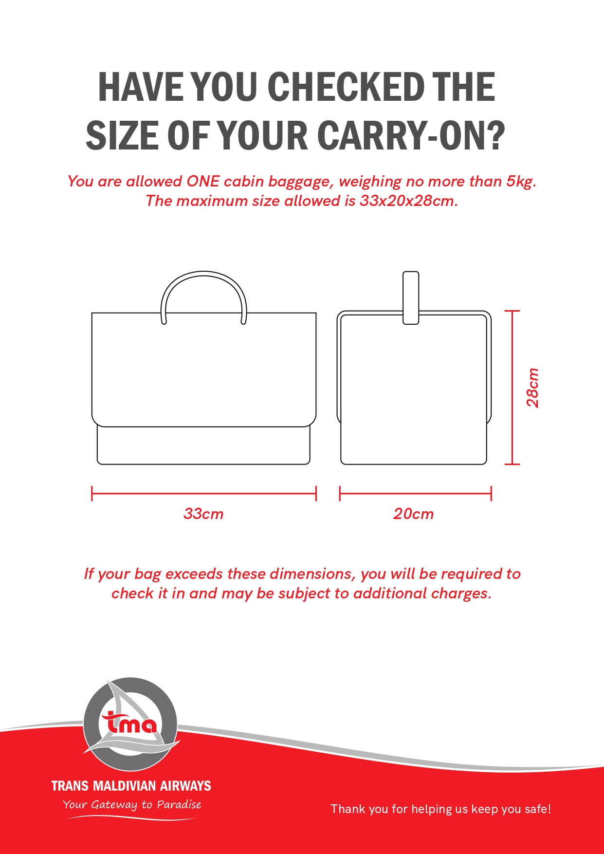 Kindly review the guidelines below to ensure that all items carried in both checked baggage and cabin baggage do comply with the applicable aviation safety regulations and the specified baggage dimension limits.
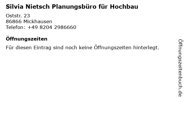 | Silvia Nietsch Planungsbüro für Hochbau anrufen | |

====

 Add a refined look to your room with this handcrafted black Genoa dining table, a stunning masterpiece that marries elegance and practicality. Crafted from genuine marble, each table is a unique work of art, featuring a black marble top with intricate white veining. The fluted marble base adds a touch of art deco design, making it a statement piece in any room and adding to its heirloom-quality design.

====

* **DESCRIPTION OF THE TASK**: When you reach the line with "Kindly review the" in the records above, begin repeating the lines exactly, and stop after the line with "anrufen | |". Skip all pictures.

* **THE ANSWER**:
 Kindly review the guidelines below to ensure that all items carried in both checked baggage and cabin baggage do comply with the applicable aviation safety regulations and the specified baggage dimension limits.
 | Silvia Nietsch Planungsbüro für Hochbau anrufen | |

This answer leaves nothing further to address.